Q1) How can I prove that $$\int_\Omega X(\omega)\,d\mathbb P(\omega ) = \int_{\mathbb R}x \, dF(x) \text{ ?}$$ I tried to make the substitution $x=X(\omega )$ but I can't compute $d\mathbb P$.
Q2) Moreover, I don't really understand the notation $\mathbb P(\omega )$ in $d\mathbb P(\omega )$. Indeed, $\mathbb P$ is a function that take element of $\mathcal P(\Omega )$ (i.e. measurable subset of $\Omega $), and in particular $\omega \in \Omega $, i.e. $\omega \notin \mathcal P(\Omega )$. So what mean $\mathbb P(\omega )$ ? Should it be $\mathbb P\{\omega \}$ ? But if yes, this is $0$ when $X$ it's continuous.
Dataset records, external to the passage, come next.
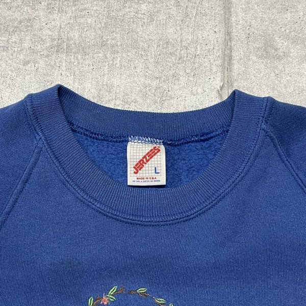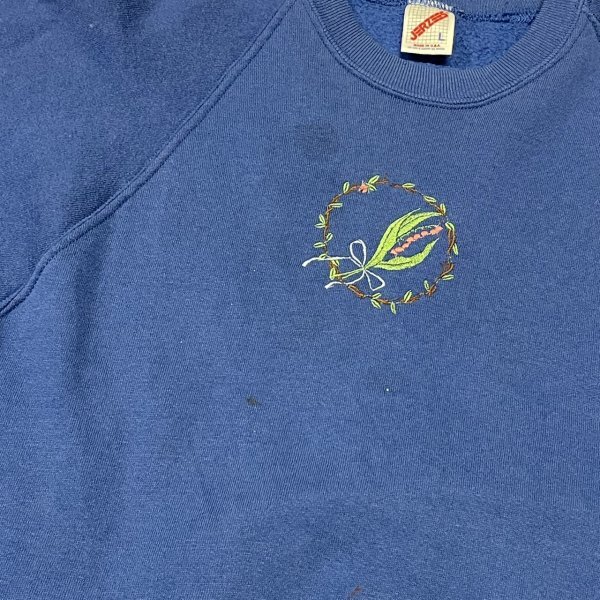 80s JERZEES スウェット USA製 裏起毛 ラグラン ジャージーズ  80年代 RUSSELL ATHLETIC ラッセルアスレチック トレーナー 石瀬7151 花柄 刺繍 vintage ビンテージ MADE IN USA アメリカ製 50/50 ボディ オールド OLD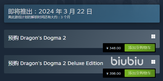 这里就以PC端为例,它发售有348和398两个版本,上线时间为2024年3月22日,目前喜欢的玩家可以将它添加至自己的愿望清单里,这样后续的消息就可以通过邮箱知道了。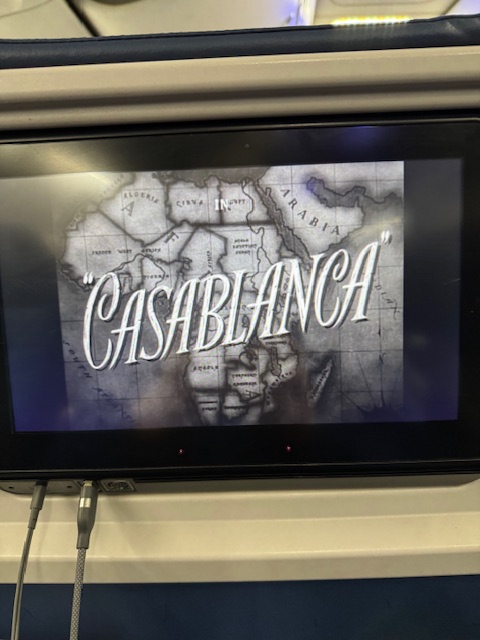 I enjoyed an aisle seat in First Class, 3B. My seatmate at the window soon put on noise-canceling headphones and a mask. We exchanged only a few words. I respected her wishes and watched a movie, the original Casablanca, but my screen was having stop-and-start issues that had me change to reading, but I did finish the film and laughed at all the jokes; it always feels modern to me, though the exploitation of women is hard to forgive (Though Rick foils the attempt as a victory for love).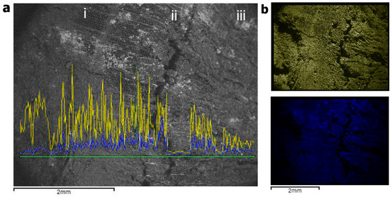 EDS Line-scan and mapping of a sample where all conditions coexisted. (a) Line scan of carbon (yellow) and oxygen (blue) (left to right the transition from charred to uncharred, i–iii); (b) mapping of carbon (yellow) and oxygen (blue).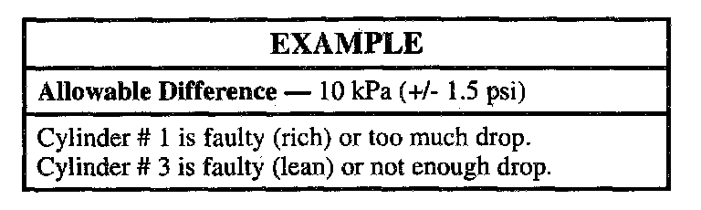 10. An injector is faulty if the Difference is greater than 10 kPa (±1.5 psi).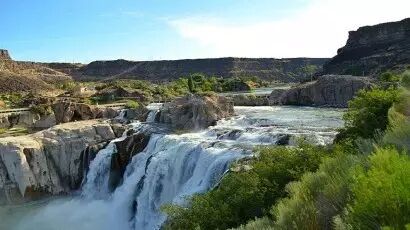 迎着初升的朝阳,整装出发。沿途穿越浩瀚无边的沙漠盆地,山地丘陵;感受美国大西部的丰富地貌和迷人的田园风光。于午餐后抵达皮瑞尼铁桥*;它是全世界高空跳伞及高空弹跳闻名的场地之一。随后前往蛇河峡谷*,参观肖松尼瀑布*。肖松尼瀑布也叫做西部的尼亚加拉,远远便可以听到它浩大的声势。看蛇河蜿蜒流过、一泻千里;为明天的黄石公园做热身。夜宿爱达荷州普克泰罗。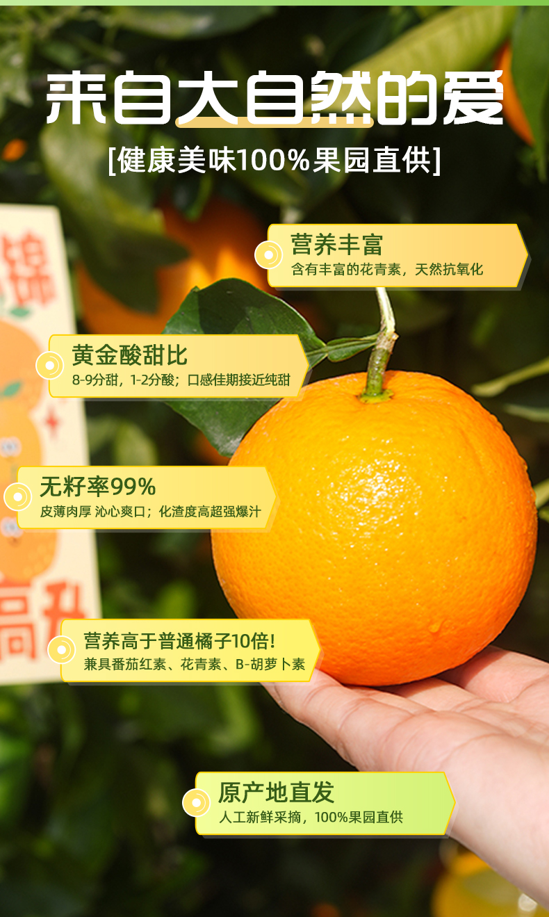 【京东快递】秭归中华红橙 橙子界的营养课代表 9甜1酸 99%无籽 皮薄肉厚 化渣度高超强爆汁 沁心爽口 ACS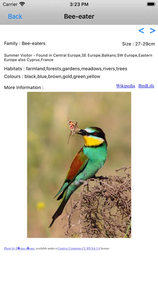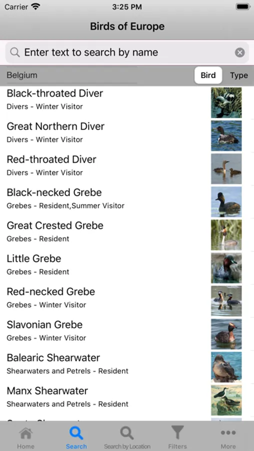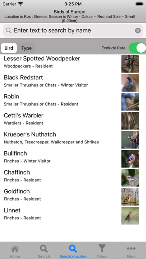 Search option : Search by name or part of name to see basic bird details such as size, habitat and colours. You also have the option to see full bird details on line.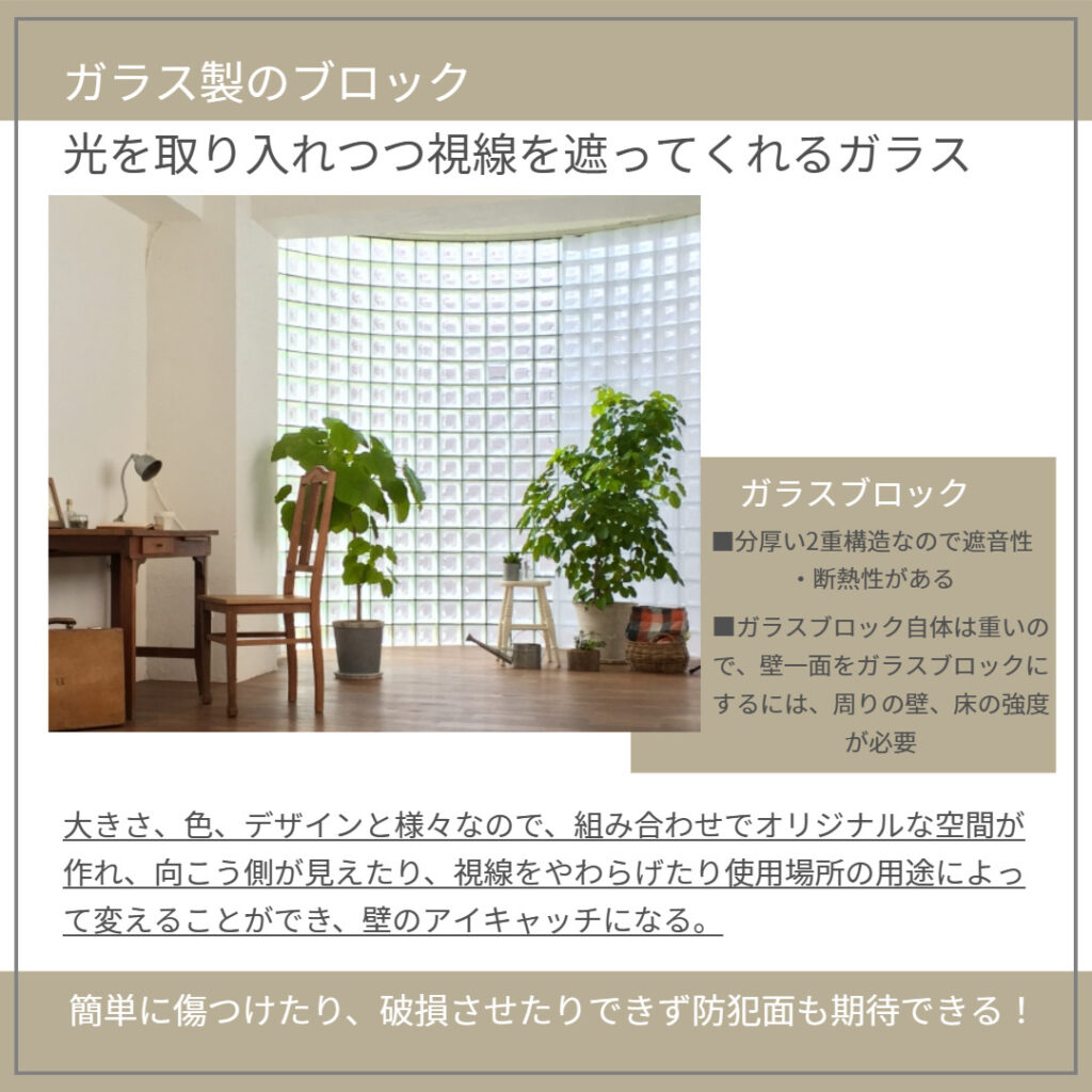 向こう側の景色がみえるガラス、視線をやわらげることができるガラスなど種類が豊富なので、使用場所の用途によって変えることができ、壁のアクセントやアイキャッチになります。

The result itself is really just simple function approximation. No change of variable is required. The left side is a limit of simple function approximations. Each of those approximations corresponds exactly to a Riemann-Stieltjes approximation to the integral on the right side.
$d\mathbb{P}(\omega)$ is just notation: it tells you that the measure you are integrating with respect to is $\mathbb{P}$ and the variable of integration in the $\mathbb{P}$ integration is $\omega$. Sometimes people write the even more confusing $\mathbb{P}(d\omega)$ to mean the same thing.